Эмиль не ошибся. Она подошла к клетке, просторной бело-голубой стоячей клетке с золоченой решеткой. В клетке застыл пестрый попугай с неподвижными глазами — не сразу можно было заметить, что глаза у него стеклянные, а сам попугай, застывший на жердочке, — не живая птица, а чучело. Но Маргарита глядела на него так ласково, словно он был живой; протянув руку, она просунула палец между прутьями. Губы у нее зашевелились, словно она продолжала считать петли. Она разговаривала с птицей. Казалось, сейчас она примется ее кормить.

Эмиль написал ей: “Кот”.

И теперь она безмолвно отвечала ему: “Попугай”.

Классический ответ. Он обвинял жену в том, что она отравила кота, его кота, которого он любил еще до знакомства с ней.

Всякий раз, когда он сидел у камина, разморенный клубами тепла, идущими от поленьев, его подмывало протянуть руку и погладить зверька, который, бывало, прибегал, сворачивался клубком у хозяина на коленях, а мех у него был такого нежного оттенка, в черную полоску.

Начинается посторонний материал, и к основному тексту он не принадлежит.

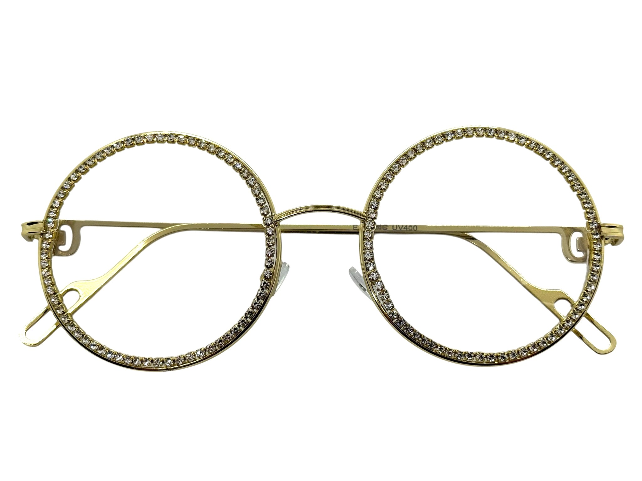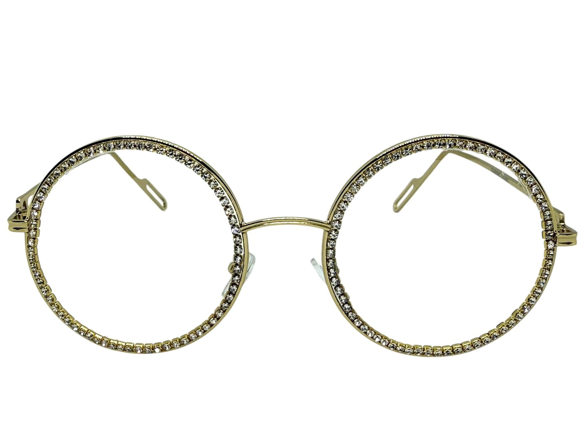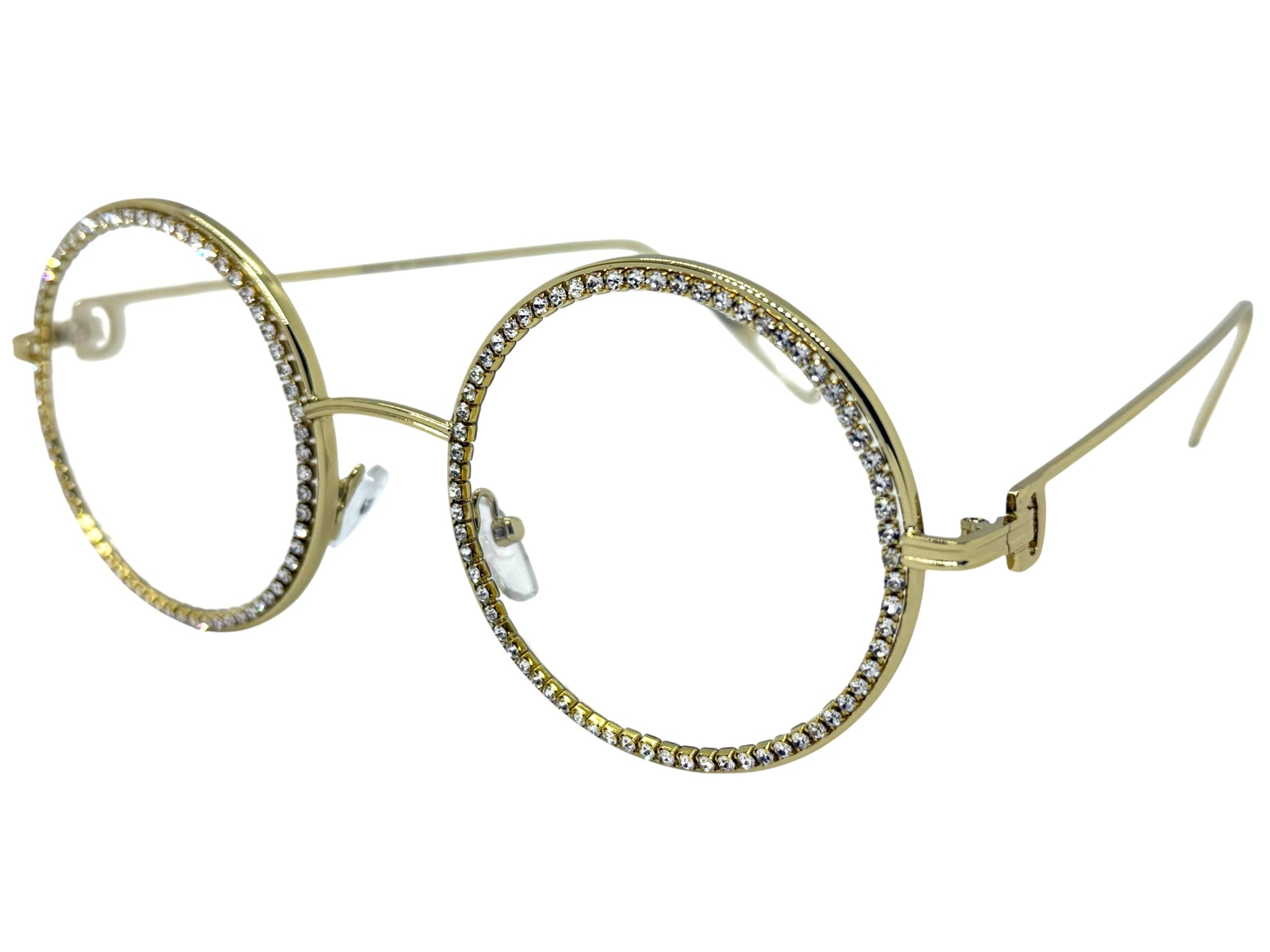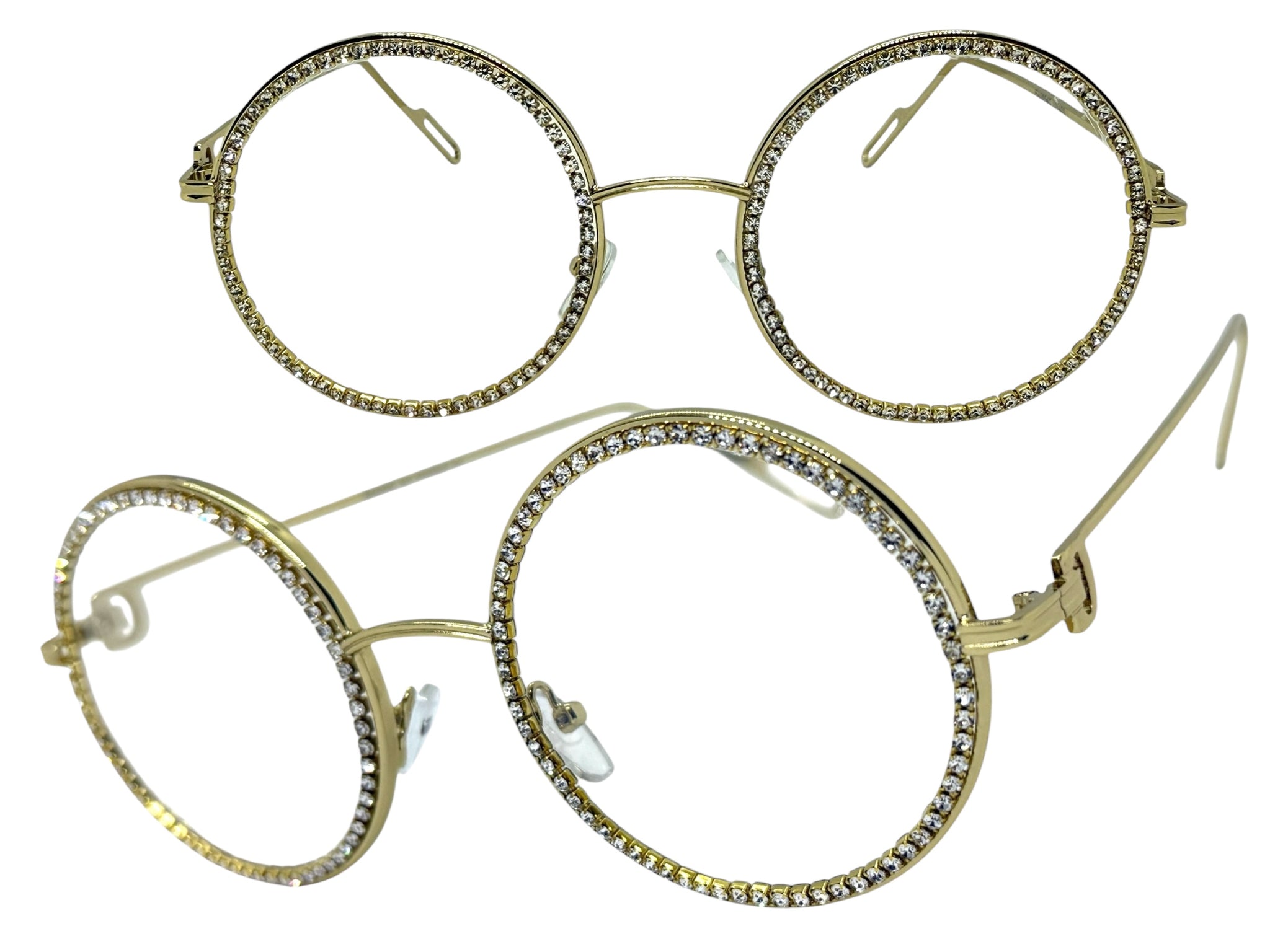 Classy Elegant Luxury Modern Hip Hop Style Bling EYEGLASSES Large Round Gold Frame E0654
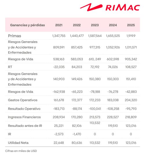 En el 2025, Rímac obtuvo primas por US$ 1,920 millones en el 2025, un aumento de 16% en comparación al 2024, con un utilidad neta de US$ 123 millones, un incremento de apenas 2.9%.
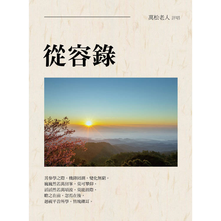 其中各則均分為示眾、本則(公案)、頌古(文中附加短評─著語)、評唱等四部分,示眾相當於《碧巖錄》之垂示,係說明一則之宗旨;本則為古則公案,敘述先人證悟之因緣;頌古為宏智以偈頌拈提,說明本則之宗旨;著語為將本則、頌古之語句加以解說短評;以評唱部分為本書重點。本書與《碧巖錄》併稱禪門二大寶典,《碧巖錄》屬臨濟宗系統,本書則屬曹洞宗系統。註疏有默紹之《從容錄頌解》一卷、松雲之《從容錄事略》十七卷、鼎三之《從容錄接觜錄》二卷、梵丁之《從容錄筆削》一卷等。(佛光大辭典)
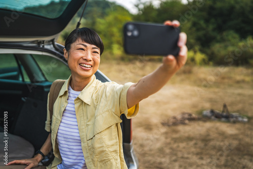 woman, mature, japanese, car, mobile phone, travel, camping, good news, communicate, cyberspace, wireless, talk, technology, vacation, person, day, nature, backpack, automobile, holiday maker, camp, auto, holiday, leisure, weekend, rear, load, green, forest, rural, journey, pack, back, drive, casual attire, female, departure, go, leaving, moving, 1, concept, smile, happy, greeting
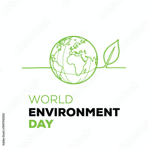 World environment day poster design with earth globe and green leaf in continuous line art style for ecology concept

— Самый обыкновенный домашний кот, — утверждала жена.

В те времена, когда они еще разговаривали, она начинала этими словами каждую ссору.

Пускай его кот и не был породистым, но это был необыкновенный кот. Длинный, гибкий, он скользил вдоль стен, вдоль мебели — ни дать ни взять тигр. Голова у него была меньше, чем у домашних кошек, и какая-то треугольная, а взгляд пристальный, загадочный.

Эмиль Буэн уверял, что это дикий кот, который случайно забрел в Париж. Он подобрал его совсем котенком где-то на стройке, еще когда работал в Парижском дорожном управлении. Эмиль был вдов, жил один. Кот стал ему другом. Тогда на другой стороне тупика еще высились здания, а теперь на их месте строится огромный доходный дом.

Когда он женился на Маргарите и перебрался через дорогу, кот последовал за ним.

Кот… Однажды утром Эмиль нашел его в подвале, в самом темном углу. Кот отравился паштетом, который приготовила Маргарита.

Зверек так и не смог привыкнуть к Маргарите. Все четыре года, что он прожил в доме напротив, есть он соглашался только из рук Буэна. Два-три раза в день, повинуясь обычному пощелкиванию языком, которое служило ему сигналом, кот гулял с хозяином по тупику, словно дрессированная собачонка. До того самого дня, когда они оба перебрались в дом напротив, полный незнакомых запахов, кот был единственным, от кого Эмилю перепадала ласка.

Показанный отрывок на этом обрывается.